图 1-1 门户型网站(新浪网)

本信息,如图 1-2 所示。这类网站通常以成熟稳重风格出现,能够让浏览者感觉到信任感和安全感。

------------------------------------------------------------

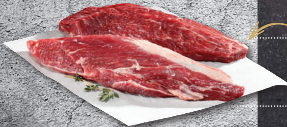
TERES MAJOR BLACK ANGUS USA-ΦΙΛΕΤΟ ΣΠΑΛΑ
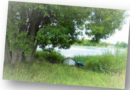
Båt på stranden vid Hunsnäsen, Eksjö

------------------------------------------------------------

Problem to work on
Restate word for word only the lines above from the line containing "图 1-1 门户型网站(新浪网)" to the line containing "本信息,如图 1-2 所示。这类网站通常以成熟稳重风格出现,能够让浏览者感觉到信任感和安全感。", both of them included.

Reply
图 1-1 门户型网站(新浪网)

本信息,如图 1-2 所示。这类网站通常以成熟稳重风格出现,能够让浏览者感觉到信任感和安全感。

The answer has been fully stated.